EXERCISE BRIEF: Below are records with pictures in them. Output exactly the lines from the one with "Сыр натрите на" through the one with "- Raspberry PIデバイス ー> Raspberry PI ZERO 2W", both included, and leave every picture out; give only those lines.

START TASK INPUT

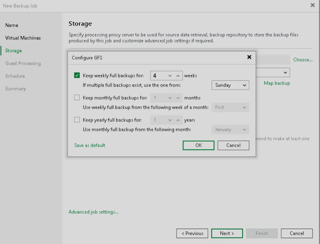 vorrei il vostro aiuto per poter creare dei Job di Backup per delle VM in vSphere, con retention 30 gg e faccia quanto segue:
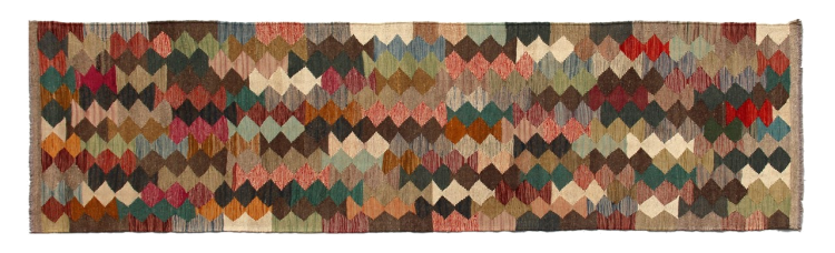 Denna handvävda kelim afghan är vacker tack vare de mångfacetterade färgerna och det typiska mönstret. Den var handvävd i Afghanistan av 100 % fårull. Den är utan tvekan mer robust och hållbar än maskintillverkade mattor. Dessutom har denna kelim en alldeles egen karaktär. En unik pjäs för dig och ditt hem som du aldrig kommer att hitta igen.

END TASK INPUT
START TASK INPUT

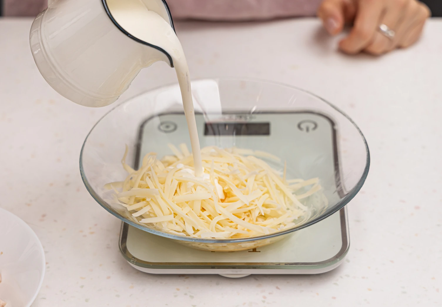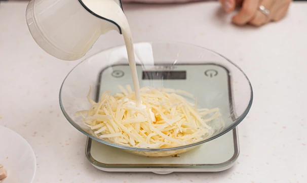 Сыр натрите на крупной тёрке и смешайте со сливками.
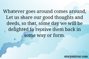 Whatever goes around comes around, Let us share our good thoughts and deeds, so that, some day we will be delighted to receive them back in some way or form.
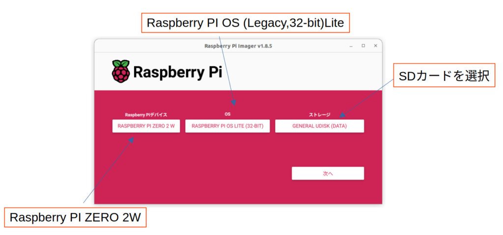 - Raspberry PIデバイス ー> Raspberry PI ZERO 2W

END TASK INPUT
START TASK INPUT

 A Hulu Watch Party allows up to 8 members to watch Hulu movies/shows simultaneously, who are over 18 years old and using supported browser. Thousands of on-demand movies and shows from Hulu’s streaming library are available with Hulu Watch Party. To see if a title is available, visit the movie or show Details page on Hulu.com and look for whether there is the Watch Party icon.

END TASK INPUT

TASK SOLUTION:
 Сыр натрите на крупной тёрке и смешайте со сливками.
 Whatever goes around comes around, Let us share our good thoughts and deeds, so that, some day we will be delighted to receive them back in some way or form.
 - Raspberry PIデバイス ー> Raspberry PI ZERO 2W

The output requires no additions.